Assignment>
In the data below, restate exactly the lines from the one with "Moneta została uszlachetniona" to the final line, both included, but not the pictures.
Segment Start: Extracted records
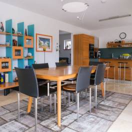 Het hart van het huis ligt in de ruime woonkamer en de prachtige designkeuken, perfecte plekken voor sociale bijeenkomsten en culinaire hoogstandjes. Vanaf hier kun je genieten van een adembenemend uitzicht op de majestueuze Mittagskogel, die de perfecte achtergrond vormt voor onvergetelijke momenten.
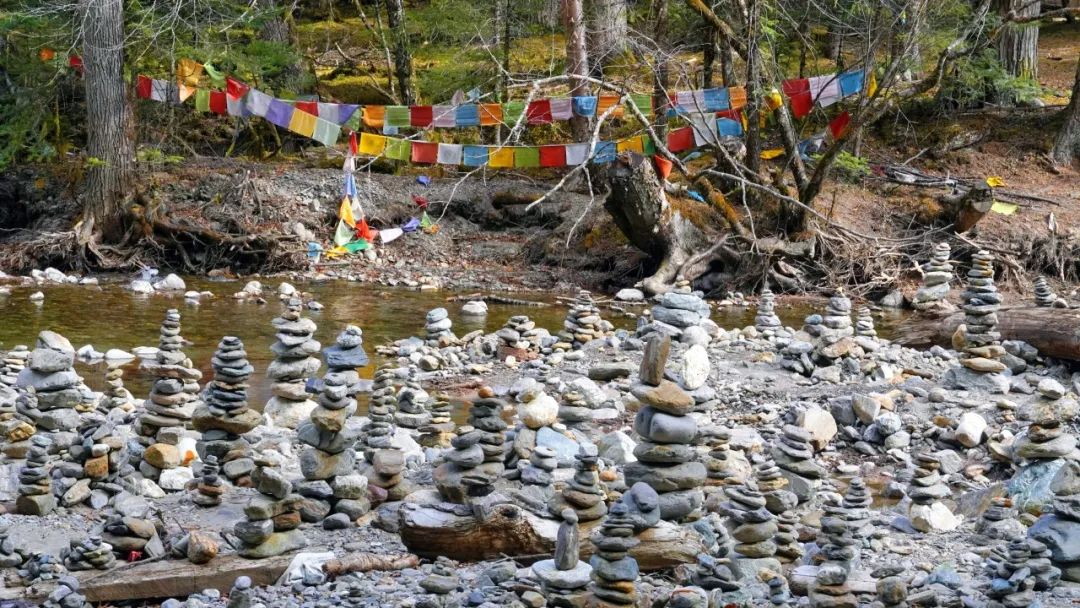 与咔咔穿林子、走土路、爬雪坡的冰湖线不同,神瀑线更像是一场面对雪山的朝圣。只要穿过原始森林,眼前就豁然开朗了。在前往神瀑的路上,还会遇到莲花生大师的脚印石头。
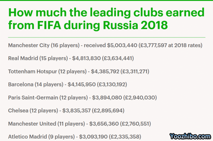 在2018年,国际足联为参赛球员向各家俱乐部支付了1.8亿欧元补偿,当时一名国脚每天只给7300欧元。英国《每日邮报》称,这届世界杯虽然只有29天,但由于在欧洲赛季中期进行,FIFA提高了球员参赛补偿。
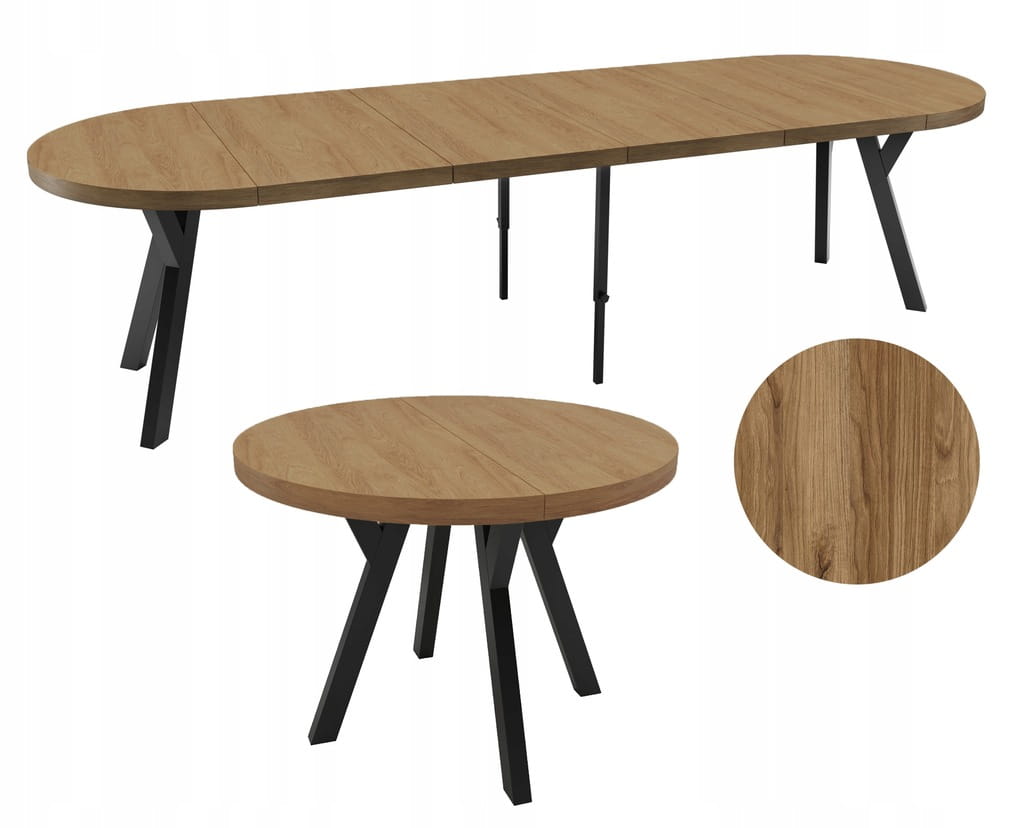 Stół solidny okrągły Czarny Metal Y + DĄB PRADAWNY Ø100 rozkładany do 300cm + nogi metalowe Y
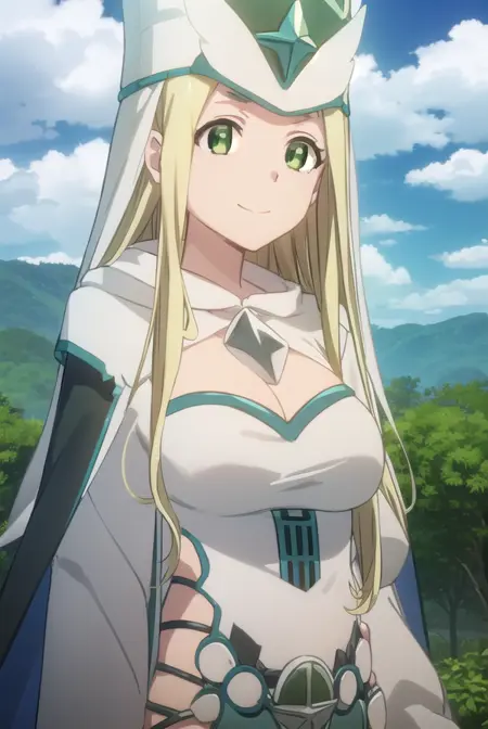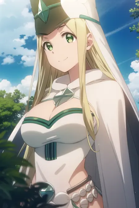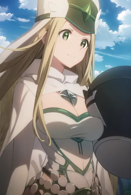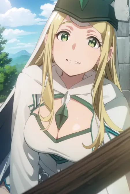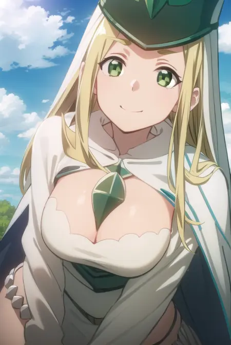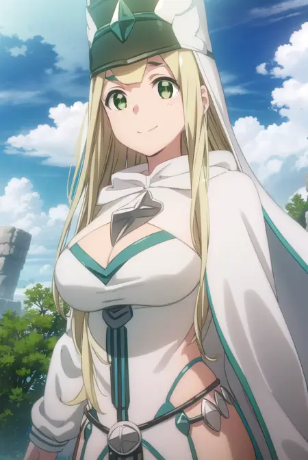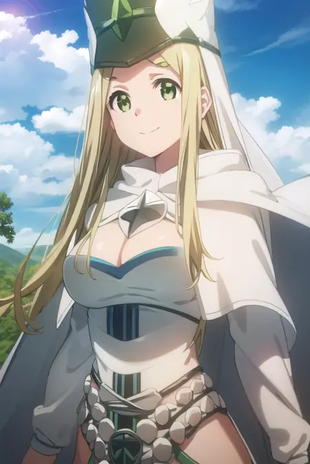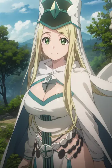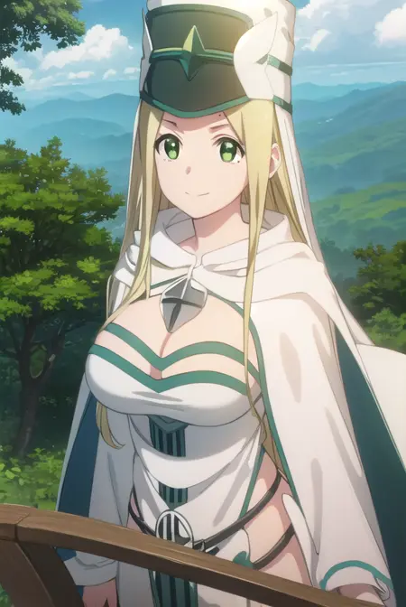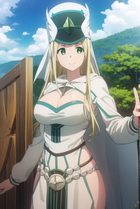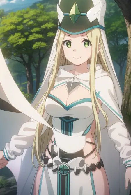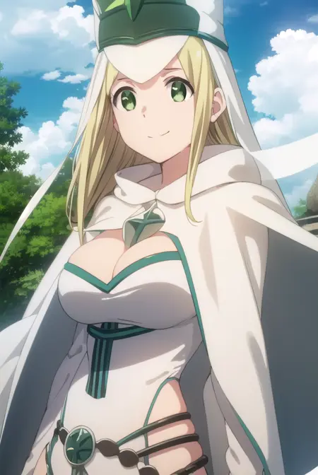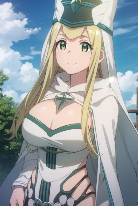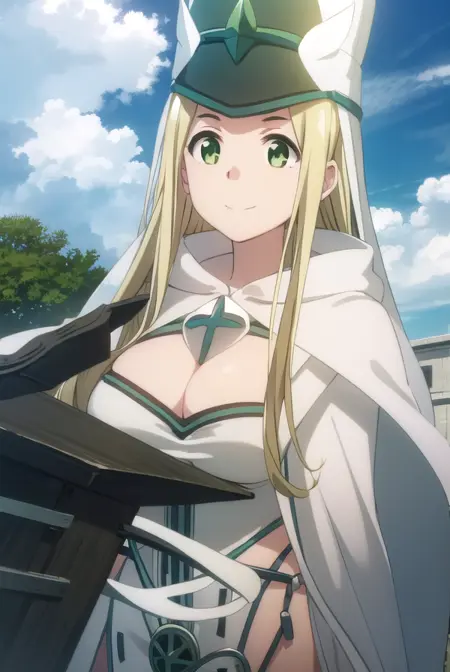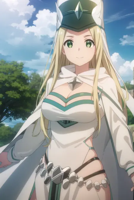 hat, cleavage, cape, white cape, dress, white dress, long sleeves,
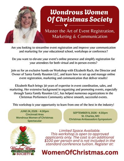 Join us for an exclusive hands-on Workshop with Elizabeth Ruch, the Director and Owner of Santa Family Reunion LLC, and learn how to set up and manage online event registration, marketing and communication that deliver results!
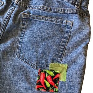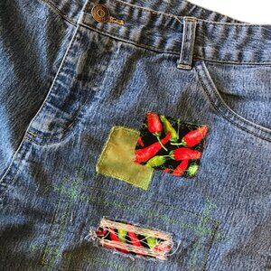 Distressed patchwork denim jean cutoffs, women's size 6. This is a cute pair of cutoff denim short shorts with distressed fringy areas in the front with chili peppers patchwork applied both front and back. What a unique, comfortable-looking pair of shorts for any fun occasion!
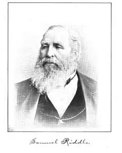 Riddle lost his first wife Martha after her death during childbirth of his first child, Henry, in 1850. He remarried 23 year old Linda Doyle and together they had four children.[7] Their son, Samuel Doyle Riddle was an American businessman and racehorse owner. Riddle died on February 19, 1888[8] and is interred at Middletown Presbyterian Church Cemetery in Elwyn, Pennsylvania.[9]
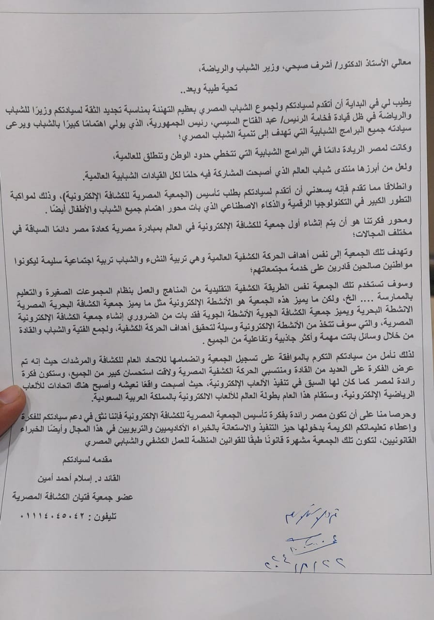 جمعية الكشافة الإلكترونية المصرية.. تقدم الدكتور إسلام امين القائد الكشفي ومؤسس مؤسسة إكرام، بفكرة جديدة إلى، بإنشاء جمعية جديدة للكشافة المصرية تحت اسم (جمعية الكشافة الإلكترونية المصرية)، بتاريخ ٢٢/٨/٢٠٢٤، وذلك لمواكبة التطورات التكنولوجية الحديثة والتي بات لزامًا علينا أن نعمل على مواكبة تلك التطورات، وخاصة وأن الدولة تشجع وتدعم كل فكرة تسهم في تنمية الشباب والمجتمع وبناء الدولة الحديثة.
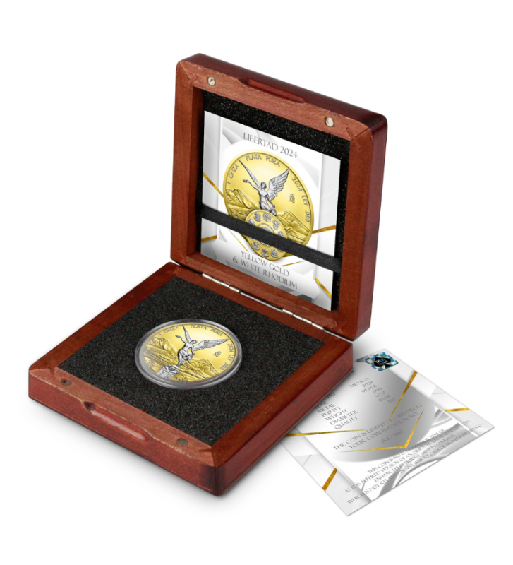 Moneta została uszlachetniona żółtym złotem i białym rodem. Jest dostarczana w drewnianym pudełku wraz z certyfikatem autentyczności.
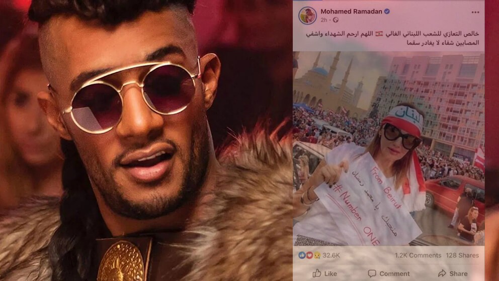 وكان رمضان نشر على صفحته في “فيسبوك” صورة لفتاة لبنانية تحمل لافتة مكتوباً عليها: (بنحبك يا محمد رمضان نمبر وان)، وعلّق على الصورة قائلاً: (خالص التعازي للشعب اللبناني الغالي، اللهم ارحم الشهداء واشف المصابين شفاء لا يغادر سقماً).
Segment End: Extracted records
Answer box>
 Moneta została uszlachetniona żółtym złotem i białym rodem. Jest dostarczana w drewnianym pudełku wraz z certyfikatem autentyczności.
 وكان رمضان نشر على صفحته في “فيسبوك” صورة لفتاة لبنانية تحمل لافتة مكتوباً عليها: (بنحبك يا محمد رمضان نمبر وان)، وعلّق على الصورة قائلاً: (خالص التعازي للشعب اللبناني الغالي، اللهم ارحم الشهداء واشف المصابين شفاء لا يغادر سقماً).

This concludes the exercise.